Schlegel was astonished by the reference. He hadn’t thought of Morgen like that.

‘Yes, yes. Hot jazz boy!’ He laughed. ‘Not any more. One learns to move on from such dalliance. I was a fan of the method more than the product. Classical music never sounded
good on gramophones and jazz did. It was the right music for that technology. Yes, the Carter Family. Recorded in 1930 for the Victor Talking Machine Company. The story of a man imprisoned for
unknown reasons, therefore legitimate for us to discuss in terms of American paranoia.’

Schlegel suspected he was being played with and waited for the pounce. His own paranoia extended to Morgen flicking through
his
file and cackling wickedly at all the references to
ineffectiveness, backsliding and questionable decadence; the rest didn’t bear thinking about.

Morgen carried on, apparently unaware of Schlegel’s discomfort. ‘From my modest observations of human behaviour, I would say this paranoia has two main outcomes. In spite of all the
assertions of strength, the system is flawed, perhaps fatally, because the only legitimate responses are panic and inertia, masquerading as efficiency. I know we swept everything before us in the
conquests of 1940 and ’41 but it was effortless. A perverse reading could hold that mass mobilisation was really concerted inertia because the machinery did all the work and the war machine
is the perfect product of paranoia, wouldn’t you say?’

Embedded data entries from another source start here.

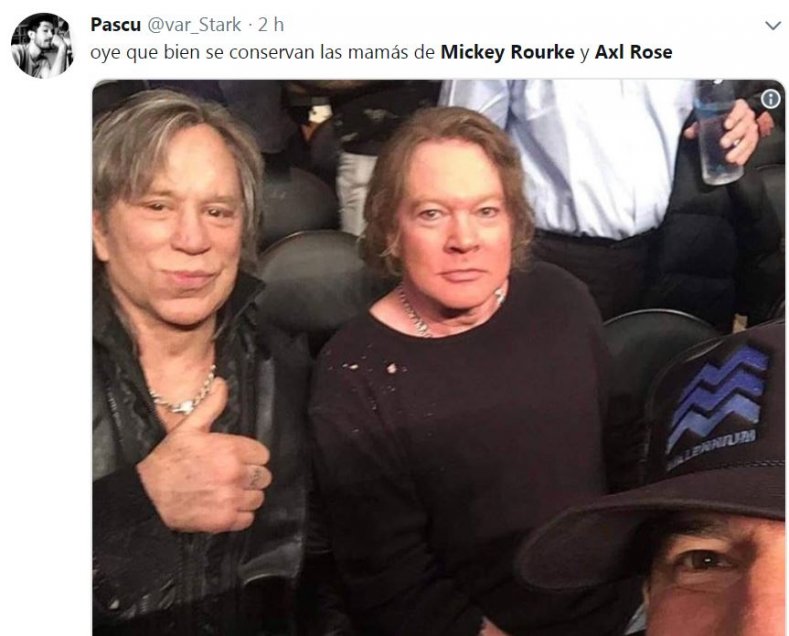 El actor Mickey Rourke y el cantante de Guns N' Roses, Axl Rose, fueron captados juntos en una fotografía y su aspecto desató cientos de bromas y memes.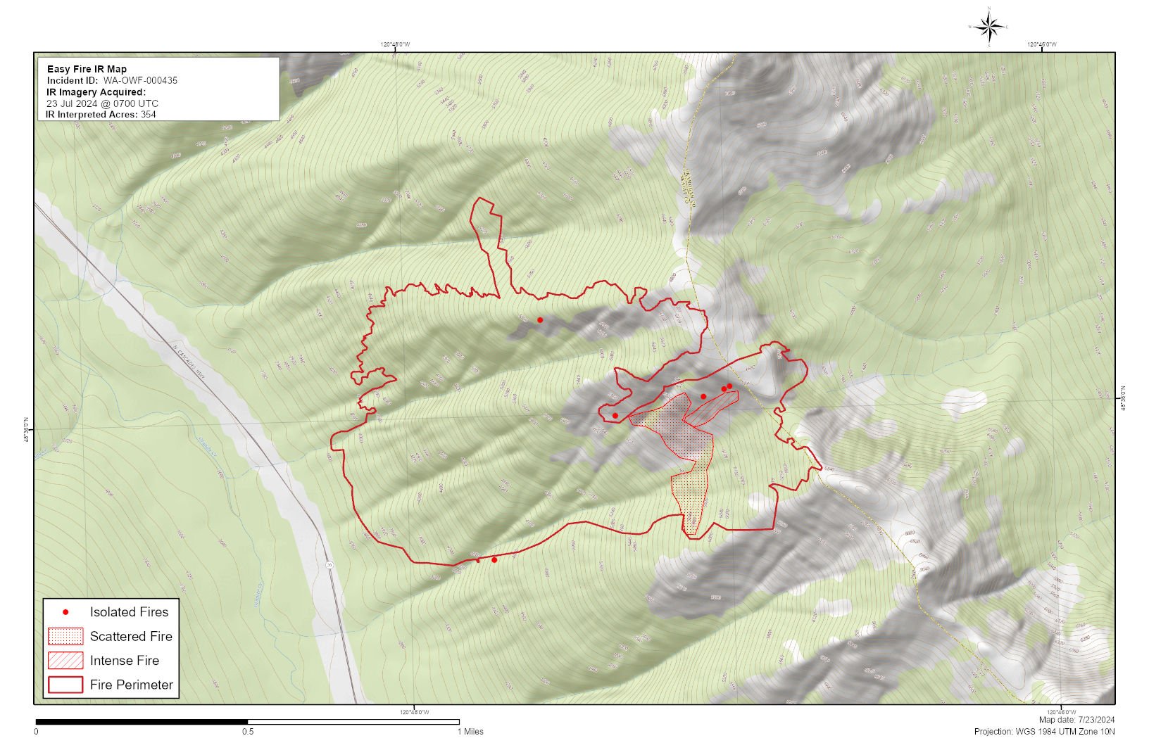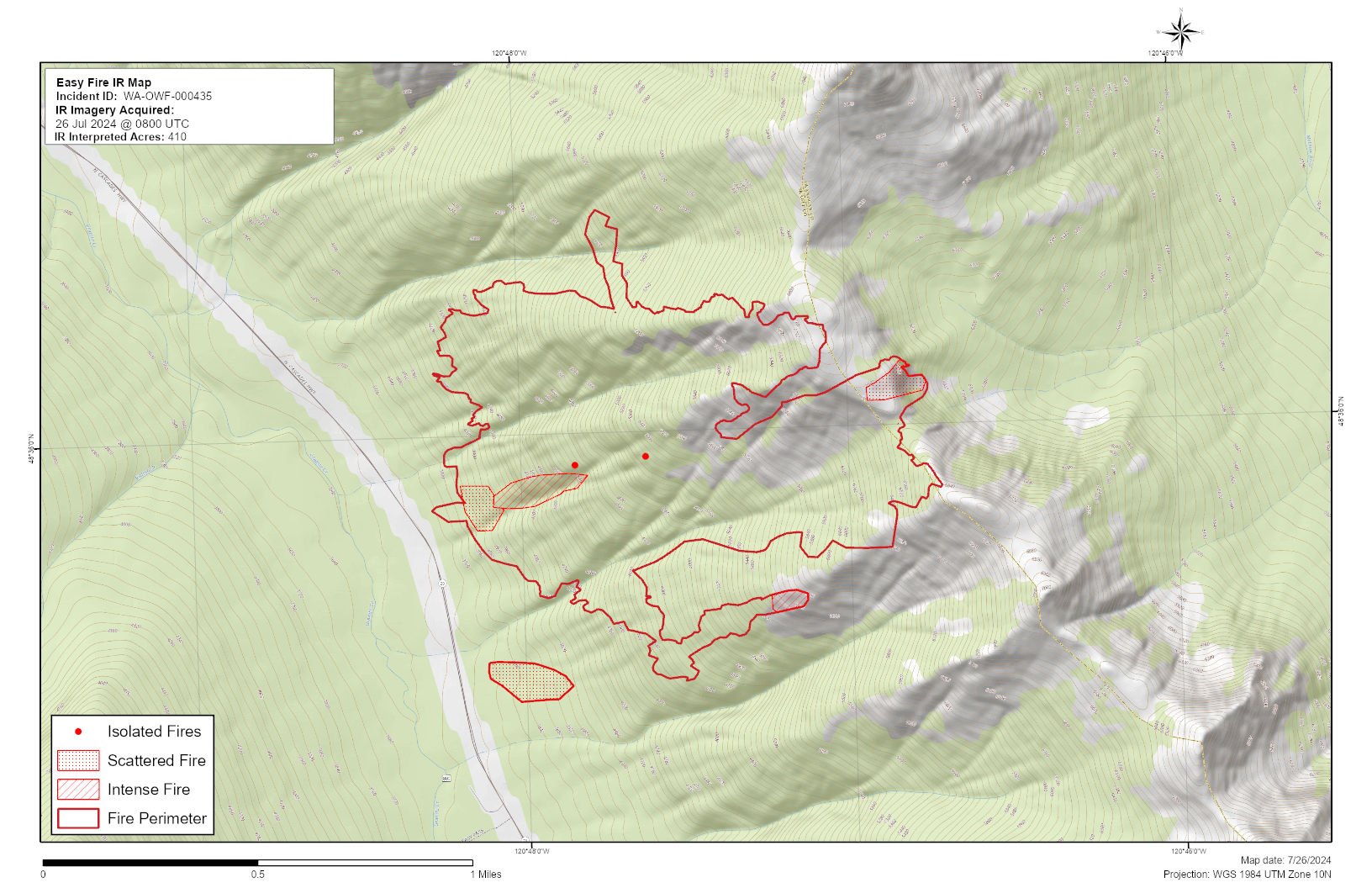 CURRENT SITUATION: Easy Fire is burning in dense timber and extremely steep terrain. The fire is backing and flanking with short upslope runs, single tree torching, and short-range spotting. The steep slopes with continuous timber contribute to difficulty with fire suppression. Easy fire is a full suppression fire and firefighters are utilizing strategies and tactics that provide the highest likelihood for success while mitigating risks to firefighters and the public. The Easy Fire extends over Mt. Hardy, threatening the Pacific Crest Trail, while also moving down slope toward State Route 20 (SR 20) North Cascades Highway.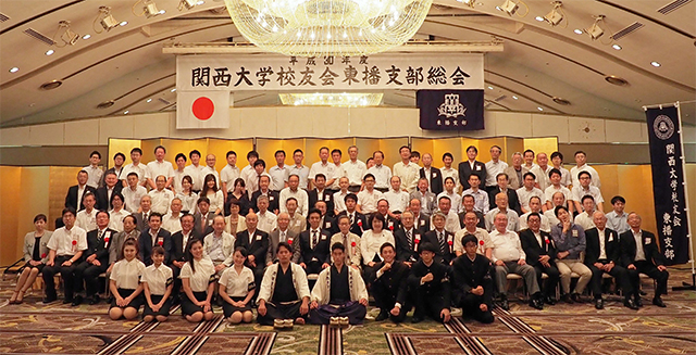 東播支部113人集い創立35周年祝う 記念して支部旗と幟を新調 2018年09月13日 9月13日に加古川プラザホテルで、平成30年度東播支部(角谷賢造支部長)定期総会を開催しました。来賓を含め113人の参加をいただき、盛会のうちに終わることができました。 今年度は、当支部創立35周年にあたり支部名入りの校旗、幟を新調しました。 (会計 東保弘一 58学工) (猪子真一=090-2194-5186)

The man’s thesis had been on pacifism, Schlegel remembered.

‘Anyway,’ Morgen continued, ‘as of this January we have officially entered the new age of panic. Blame what you like, the army’s failures in the east, the alignment of
the planets . . . but with panic comes superstition.’

‘Why are you telling me this?’

‘Because I see you as the perfect representative of panic and inertia. You are a paradigm of the system. And you know it’s true, which is why you don’t take offence. You are,
Schlegel, a fascinating specimen.’

Schlegel sat there incapable of thinking, other than admiring how effectively the tables had been turned.

‘As for me,’ Morgen continued, ‘let us for the moment play Nebe’s game. You are all terrified of your corruption being exposed, and corruption is the last resort of
inertia. I could deny that I am a spy with powers of judicial enquiry – perhaps I already did, I no longer remember – but I may be lying, because lying is the cornerstone of the
edifice. This is not criticism but fact. And I would go further to say that sometimes the virtues of lying are underestimated. Of course, if I am lying now you will find yourself answering for that
shop in the cellar you run.’

Morgen waited for Schlegel to deny it. Schlegel said nothing. He had never heard such strange talk. From Morgen it didn’t sound defeatist or subversive. Schlegel wondered if it came from
some condoned higher level, dedicated to a constant re-evaluation of the entire project. Perhaps, far from being the outsider, Morgen operated at the heart of the system, in some rarefied strata,
beyond the usual strictures and propaganda control, secretly dedicated to philosophical enquiry. But if it were really the case, he wouldn’t be sitting in Schlegel’s backwater.

Morgen resumed smoking and became businesslike, moving papers around his desk.

‘That’s all for you to decide. However, I will throw this in for free. No one has asked me to investigate your little shop.’

‘Who told you about it?’

‘Stoffel, of course. He wants to get you in trouble. He doesn’t like you. He’s crafty though. He slipped it in very well. Stoffel is such a good representative of inertia that
he should be made its formal ambassador. I doubt if we will see Stoffel go through the necessary evolutionary stages to reach a state of paranoia, but I may be wrong. As for friend Stoffel, I
suggest you tell him that I am a spy because it is always good when men like that are made to sweat. And in the meantime, please note that I have just raised your paranoia levels, by giving you
confidential information in the guise of a favour that is more of a poisoned chalice.’

Morgen, pleased by his bamboozling, went back to his papers before quietly announcing, not looking up, ‘To tell the truth, I don’t know why I am here, but it is always possible
someone will ask me to make a report of the sort you are all so afraid of.’